Jim - interesting concept. I suspect double sided take won't provide a firm enough hold, they would have to be clamped together though. 

All in all it seems it certainly is do-able but I just have the wrong bit for the job.


----------



## Quillman (Aug 16, 2010)

No special cutters. straight, on-shear, solid carbide, brazed carbide on steel.
Cuttings are fixture and technique sensitive, very few cutter design sensitivities. I cut the stuff for a living.


----------



## idontcare (Sep 10, 2011)

Interesting looking bits, nothing like I've seen before.

I can't post links because I don't have 10 posts yet, but if you google "diablo dr 75-102" you'll find it easily. Double flute up spiral bit. 
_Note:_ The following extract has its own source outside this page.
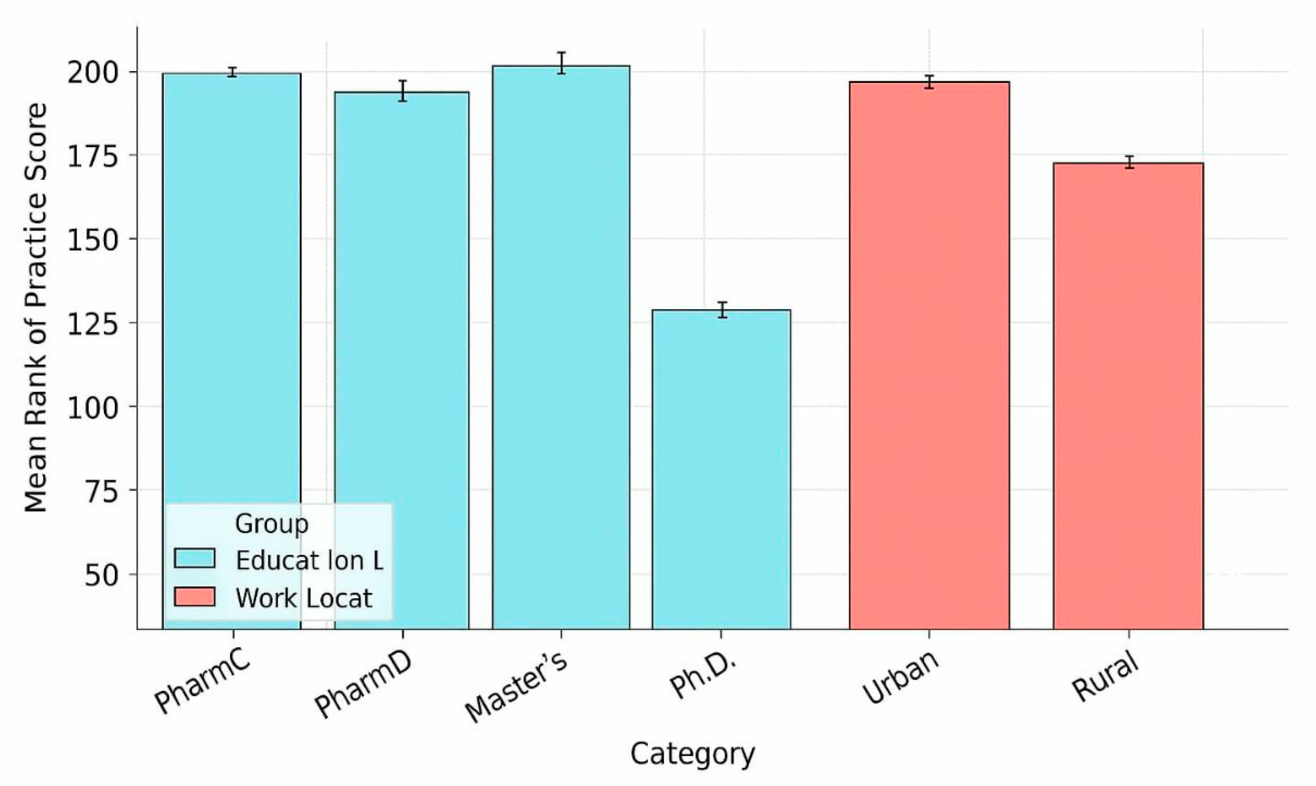 p = 0.048, r = 0.11), with urban pharmacists demonstrating superior practices (median = 4.1, IQR = 3.7–4.4) compared to their rural counterparts (median = 3.8, IQR = 3.4–4.1).

Granted my technique isn't perfect but I've tried all I can with it on the table. I was about to get some different bits but now your making me doubt whether it is the bit or really just me. Perhaps I'll have better luck using the router right-side-up by hand. I can put a cheap sacrificial material underneath it so the PC is sandwiched between it and the router.


----------



## WBLHANDYMAN (May 18, 2021)

Quillman said:


> Full thickness cuts require an offset fence to account for the waste, like a jointer.
> Do not continue to do this. You might break the sample, the cutter or the work can get loose and go its own way.


 I can sharpen a bit for polycarbonate that will cut into polycarbonate with no kickback. I have cut into 3/8 polycarbonate free hand With a bit I sharpened.


----------



## John Smith_ (Jan 10, 2020)

welcome to the forum, WBL.
even though this is a ten year old thread, the content is still a little relevant.
photos of your process would be good to see. (not just a vague description of what you did).


----------



## old55 (Aug 11, 2013)

Welcome to the forum @WBLHANDYMAN


----------